_EXERCISE AIM_
Could you please repeat the entries below word for word, with the images left out?

━━━━━━

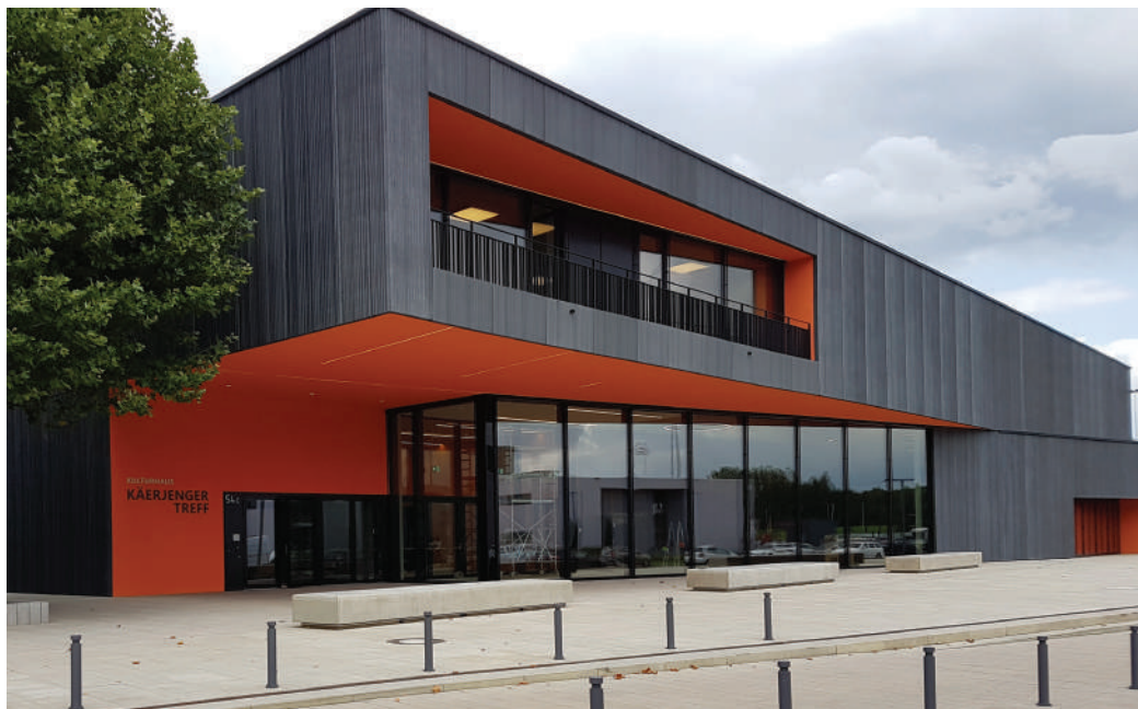
Den Zougang zur Kultur mécht de Mënsch zougänglech fir d'Gesellschaft.

Fir eis ass et wichteg och dem Buch an dem Liesen eng Plaz an eisem Kulturliewen ze erhalen. Eng gutt, ëffentlech Bibliothék a Bicherstief sinn dofir ëmmer en Thema fir eis.
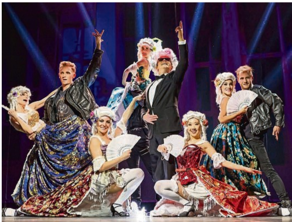
Ein Leckerbissen für Musical-Liebhaber und ein Muss für alle Falco-Fans: „Falco – Das Musical.“

„Unsterblich bin ich erst, wenn ich tot bin!“ - Um diese düsteren, vorausahnenden Worte rankt sich die Hommage an das größte Genie der deutschsprachigen Pop- und Rap-Geschichte. Folgerichtig beginnt die Musical-Biographie mit dem Autounfall in der Dominikanischen Republik 1998. Die allegorischen Figuren „Jeanny“ und „Ana Conda“ markieren die Zerrissenheit des musikalischen Ausnahmetalents zwischen dem arrogant-egomanischen Weltstar und dem verletzlich-grüblerischen Hans Hölzel. Das zweistündige Live-Erlebnis führt durch prägende Stationen im Leben des markanten Musikers. Bildgewaltig und exzentrisch gewährt die Musical-Biographie durch kunstvolle Projektionen und Original-Videosequenzen einen tiefen Einblick in die Gedanken- und Gefühlswelt des Künstlers und den Menschen, der hinter der schillernden Pop-Ikone steckte. Einem Menschen, der das Leben bis an seine Grenzen auskostete und durch viele Höhen und Tiefen ging - bis hin zur Selbstzerstörung. Dabei werden alle großen Hits und
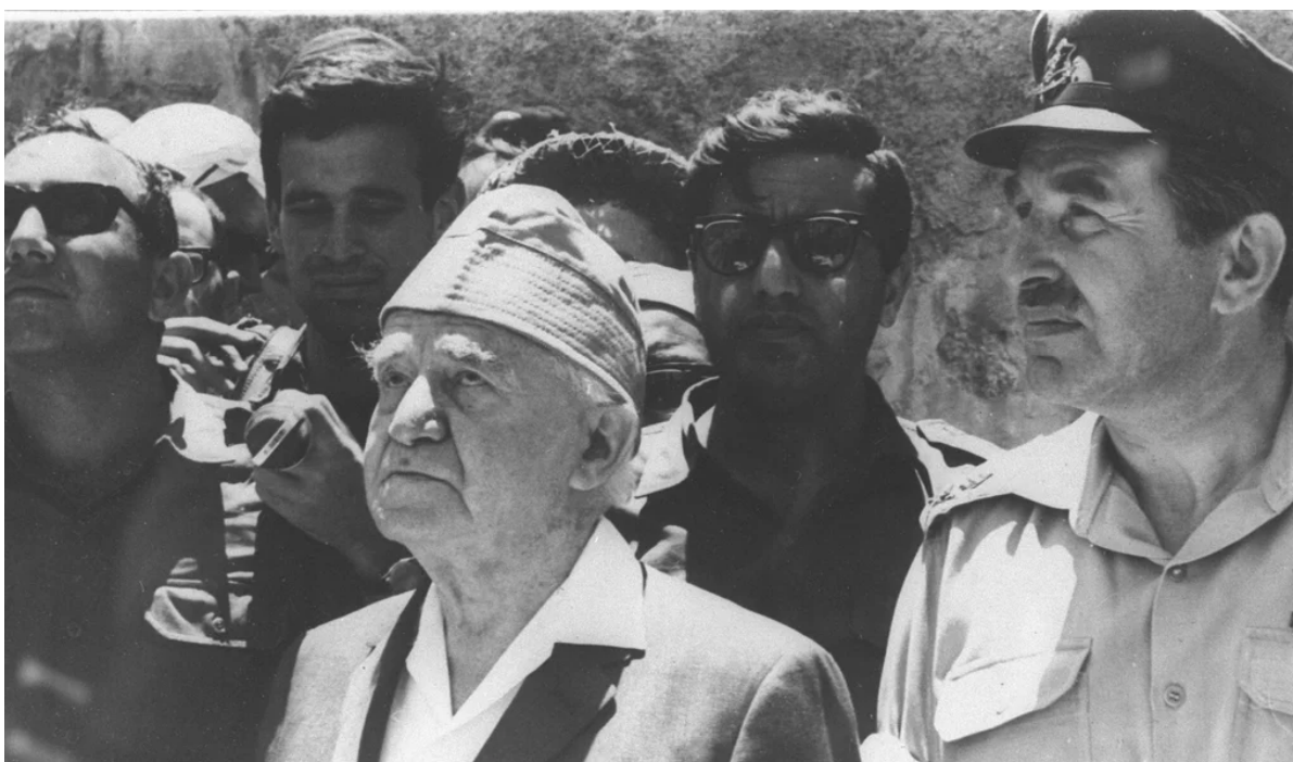
אלוף חיים הרצוג לצד ודוד בן גוריון מול הכותל המערבי, 1967. במנשר של הרצוג, שהופץ בערים הפלסטיניות ב-7.6.1967 נכתב כי כל סמכות שלטונית "תהא מעתה נתונה בידי בלבד"
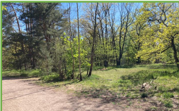
Blick vom angrenzenden Weg in die Fläche
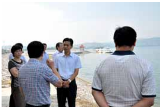
人大代表视察澧水水质整治情况。

今年3月11日，松滋史上最大的民生工程——“引澧济城”工程正式通水试运行，工程沿途8个乡镇和中心城区近40万人饮上了从澧水水库直接导出的“放心水”。10月下旬，第三届中国汽车露营大会还将在这里举办。“这既是一次集‘会、展、玩、游’为一体宣传澧水水库的嘉年华，更是对这几年湖北松滋、湖南澧县两地跨区域联手监督澧水流域水环境治理成效的肯定。”松滋市人大常委会主任赵茂安满怀欣慰。
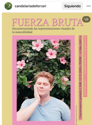
Figura 3. Captura de pantalla realizada por Agustina Lollini Noël el día 16 de agosto de 2023. Candelaria Deferrari Piccione, Instagram, 28 de noviembre de 2020. (Posteo sobre su taller “Deconstruyendo las representaciones visuales de la masculinidad” con imagen de serie “Fuerza Bruta”).
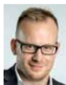
ONDŘEJ KOLÁŘ / TOP 09

Především si musíme být vědomi, že Praha je jedno město. Praha podle zákona vystupuje jako kraj a obec a dále se člení na městské části. Problémem je především různá velikost jednotlivých MČ, podle toho se pak dělí i kompetence. Tady se ukazuje v řadě případů různost názorů. Velký počet malých MČ často svým přístupem umí zablokovat na dlouhou dobu věci důležité pro rozvoj a spokojenost občanů celého města. Typickým příkladem, kdy dochází i k zásadním rozporům, je především doprava (městský a silniční okruh atd.). I když má Praha zřízen Institut plánování a rozvoje, ukazuje denní život, že neplní dostatečně úlohu hlavního architekta města. Trvalým předmětem sporů mezi hl. městem a jednotlivými MČ je samozřejmě i rozdělování finančních prostředků. Vždy jsou důležité vyjednávací schopnosti příslušných týmů včetně toho, jak důrazně umí potřeby MČ prezentovat hl. městu.
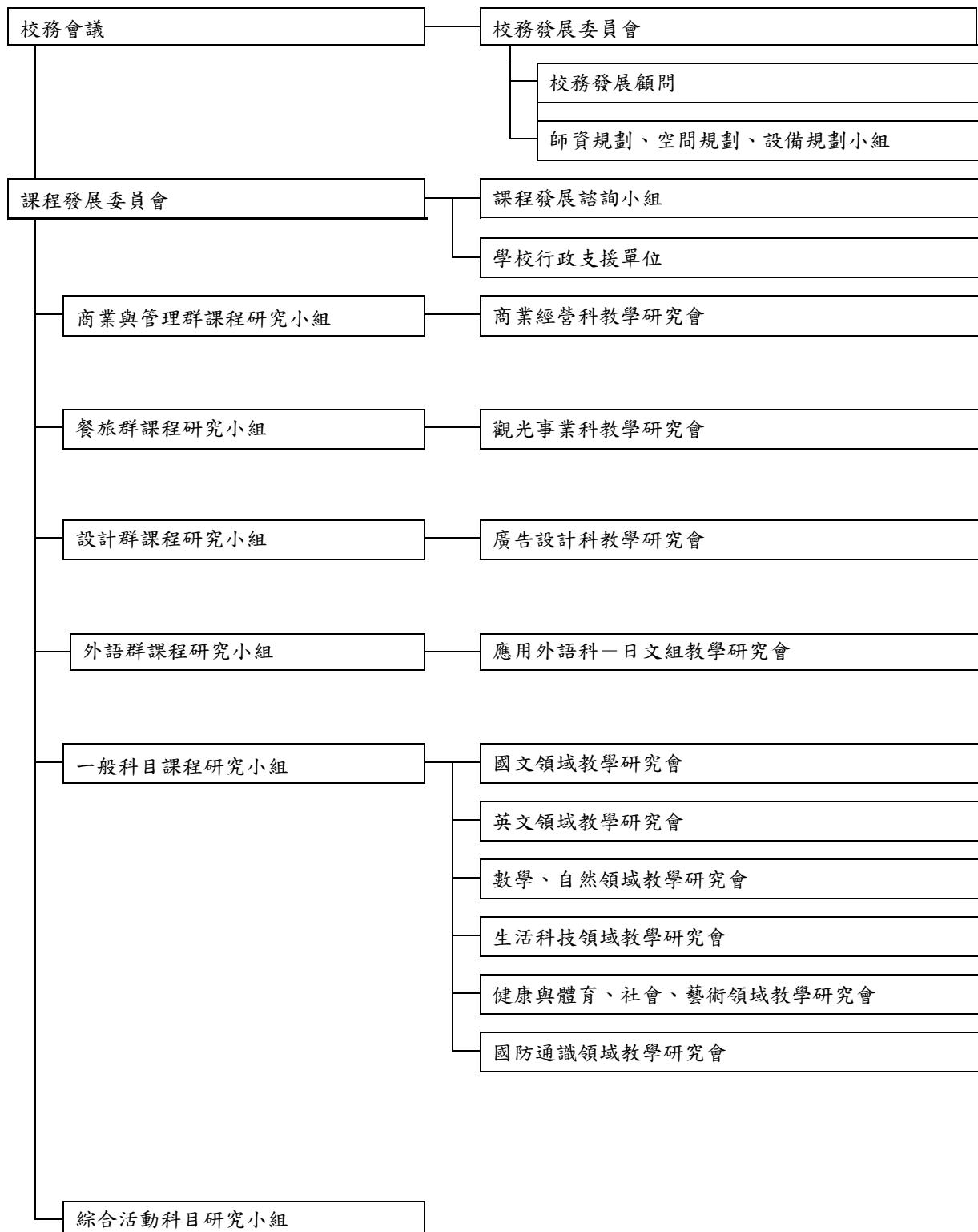
圖 2-2-1 課程發展組織架構圖
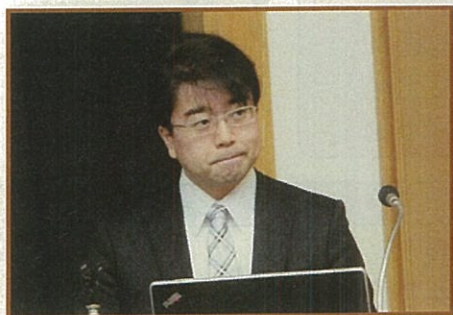
「肺がん分子標的薬治療のおはなし」
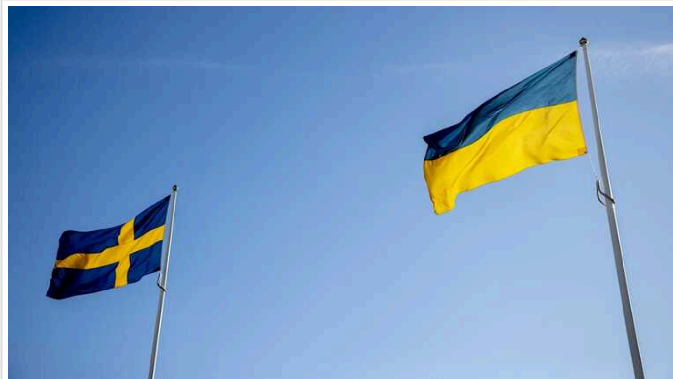
Швеція за період війни надала українському енергосектору понад тисячу тонн вантажів допомоги

З початку повномасштабного вторгнення РФ Швеція надала 93 гуманітарні вантажі загальною вагою 1108 тонн допомоги енергетичному сектору України.
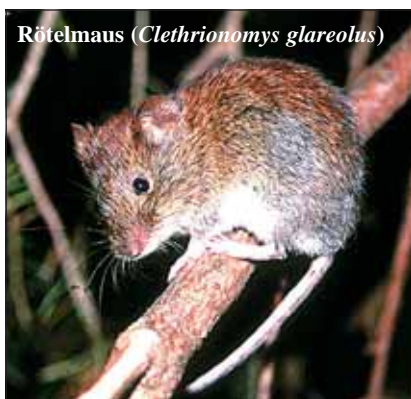
Rötelmaus ( Clethrionomys glareolus )

Sie sind stolzer Katzenbesitzer und bekommen von Ihren Katzen tote Mäuse zugetragen? Sie haben beim Spaziergang eine tote Maus am Wegesrand gefunden? - Helfen sie mit, etwas Licht in die Verbreitung dieser oft unterschätzten Tiergruppe zu bringen!

━━━━━━

_SOLUTION_
Den Zougang zur Kultur mécht de Mënsch zougänglech fir d'Gesellschaft.

Fir eis ass et wichteg och dem Buch an dem Liesen eng Plaz an eisem Kulturliewen ze erhalen. Eng gutt, ëffentlech Bibliothék a Bicherstief sinn dofir ëmmer en Thema fir eis.
Ein Leckerbissen für Musical-Liebhaber und ein Muss für alle Falco-Fans: „Falco – Das Musical.“

„Unsterblich bin ich erst, wenn ich tot bin!“ - Um diese düsteren, vorausahnenden Worte rankt sich die Hommage an das größte Genie der deutschsprachigen Pop- und Rap-Geschichte. Folgerichtig beginnt die Musical-Biographie mit dem Autounfall in der Dominikanischen Republik 1998. Die allegorischen Figuren „Jeanny“ und „Ana Conda“ markieren die Zerrissenheit des musikalischen Ausnahmetalents zwischen dem arrogant-egomanischen Weltstar und dem verletzlich-grüblerischen Hans Hölzel. Das zweistündige Live-Erlebnis führt durch prägende Stationen im Leben des markanten Musikers. Bildgewaltig und exzentrisch gewährt die Musical-Biographie durch kunstvolle Projektionen und Original-Videosequenzen einen tiefen Einblick in die Gedanken- und Gefühlswelt des Künstlers und den Menschen, der hinter der schillernden Pop-Ikone steckte. Einem Menschen, der das Leben bis an seine Grenzen auskostete und durch viele Höhen und Tiefen ging - bis hin zur Selbstzerstörung. Dabei werden alle großen Hits und
אלוף חיים הרצוג לצד ודוד בן גוריון מול הכותל המערבי, 1967. במנשר של הרצוג, שהופץ בערים הפלסטיניות ב-7.6.1967 נכתב כי כל סמכות שלטונית "תהא מעתה נתונה בידי בלבד"
Blick vom angrenzenden Weg in die Fläche
人大代表视察澧水水质整治情况。

今年3月11日，松滋史上最大的民生工程——“引澧济城”工程正式通水试运行，工程沿途8个乡镇和中心城区近40万人饮上了从澧水水库直接导出的“放心水”。10月下旬，第三届中国汽车露营大会还将在这里举办。“这既是一次集‘会、展、玩、游’为一体宣传澧水水库的嘉年华，更是对这几年湖北松滋、湖南澧县两地跨区域联手监督澧水流域水环境治理成效的肯定。”松滋市人大常委会主任赵茂安满怀欣慰。
Figura 3. Captura de pantalla realizada por Agustina Lollini Noël el día 16 de agosto de 2023. Candelaria Deferrari Piccione, Instagram, 28 de noviembre de 2020. (Posteo sobre su taller “Deconstruyendo las representaciones visuales de la masculinidad” con imagen de serie “Fuerza Bruta”).
ONDŘEJ KOLÁŘ / TOP 09

Především si musíme být vědomi, že Praha je jedno město. Praha podle zákona vystupuje jako kraj a obec a dále se člení na městské části. Problémem je především různá velikost jednotlivých MČ, podle toho se pak dělí i kompetence. Tady se ukazuje v řadě případů různost názorů. Velký počet malých MČ často svým přístupem umí zablokovat na dlouhou dobu věci důležité pro rozvoj a spokojenost občanů celého města. Typickým příkladem, kdy dochází i k zásadním rozporům, je především doprava (městský a silniční okruh atd.). I když má Praha zřízen Institut plánování a rozvoje, ukazuje denní život, že neplní dostatečně úlohu hlavního architekta města. Trvalým předmětem sporů mezi hl. městem a jednotlivými MČ je samozřejmě i rozdělování finančních prostředků. Vždy jsou důležité vyjednávací schopnosti příslušných týmů včetně toho, jak důrazně umí potřeby MČ prezentovat hl. městu.
圖 2-2-1 課程發展組織架構圖
「肺がん分子標的薬治療のおはなし」
Швеція за період війни надала українському енергосектору понад тисячу тонн вантажів допомоги

З початку повномасштабного вторгнення РФ Швеція надала 93 гуманітарні вантажі загальною вагою 1108 тонн допомоги енергетичному сектору України.
Rötelmaus ( Clethrionomys glareolus )

Sie sind stolzer Katzenbesitzer und bekommen von Ihren Katzen tote Mäuse zugetragen? Sie haben beim Spaziergang eine tote Maus am Wegesrand gefunden? - Helfen sie mit, etwas Licht in die Verbreitung dieser oft unterschätzten Tiergruppe zu bringen!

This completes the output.